The Many Benefits of Aerobic Exercise

Aerobic exercise has many important benefits.  It helps to strengthen your lungs and heart, helps you maintain and lose weight, improve muscle strength, coordination and mobility and helps to reduce cholesterol, blood pressure and body fat.  These activities also increase your metabolism and oxygen to your heart, lungs and muscles which in turn increases your aerobic capacity and gives you more energy.

Aerobic exercise is defined as the continuous use of large muscle groups to a rhythmic pattern.  It includes many different types of activity including brisk walking, swimming, jogging, running, bicycling, cross country skiing as well as more structured forms of aerobic exercises that are often performed at fitness clubs with an instructor such as step aerobic exercise, aerobic dance exercise and water aerobic exercises.  These activities are often performed to music to help keep things interesting as well as keep you on track with your exercising.

With such a wide variety of exercises and activities as well as intensity levels, almost anyone at any age or fitness level can benefit from performing aerobic exercises.  For a more high intensity workout, jogging or aerobic dance exercise may be the activities of choice.  For a lower impact activity water aerobics exercises are a great choice, particularly for individuals who suffer from back pain, joint problems or are obese.  The water provides added resistance for strengthening muscles without causing any stress to the bones or joints.

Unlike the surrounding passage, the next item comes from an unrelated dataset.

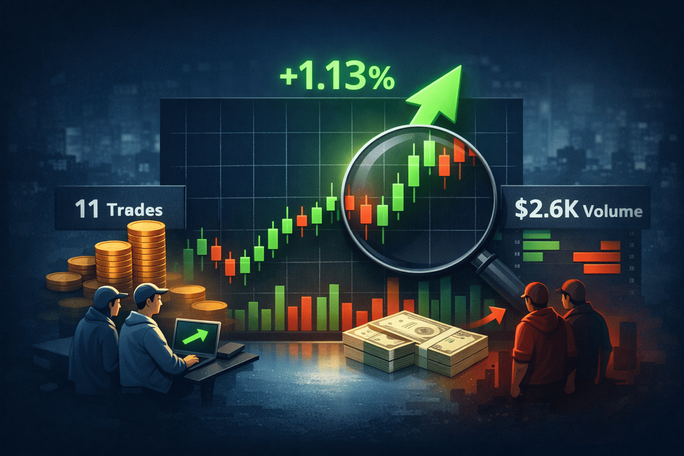 At first glance, a +1.13% move across 24 hours suggests steady progress. However, deeper inspection reveals a thin environment where only 11 trades and roughly $2.6K in volume drive the entire move, which shifts interpretation from strength toward imbalance.
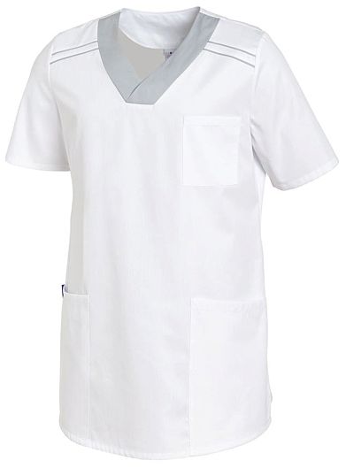 Ca. 150 g/m², 95° waschbar, Industriewäsche geeignet, sehr leichtes und weiches Gewebe, Unisex Schlupfkasack im sportlichen Style, 1/2 Arm, Leiber Schlupfkasack weiß mit silbergrau, 2 Seitentaschen, 1 Brusttasche, Seitenschlitze, Rückenlänge bei Gr. M ca. 76 cm, Gr. XS-3XL

In order to find the best aerobic exercise routines or exercises for you, take into account your fitness level and fitness goals.  If you have any health issues you should speak to your health care provider before starting in on any sort of strenuous aerobic and exercise program.  You may also want to consider whether you are interested in joining an aerobics class or whether you prefer to do aerobic exercise on your own.  Many of the aerobics exercises that are performed in a class with an instructor can also be performed at home by watching an aerobic exercise video.

To get the most benefit from aerobic exercise, it is good to vary your routine instead of doing the same exact exercise each time.  Also take into account low intensity versus high intensity aerobic exercises and vary them according to your fitness level and goals.  When you are first starting out you may want to perform workouts of about 20-30 work outs every other day or several times a week.  You can increase the duration, frequency and intensity of your workouts as you become more fit.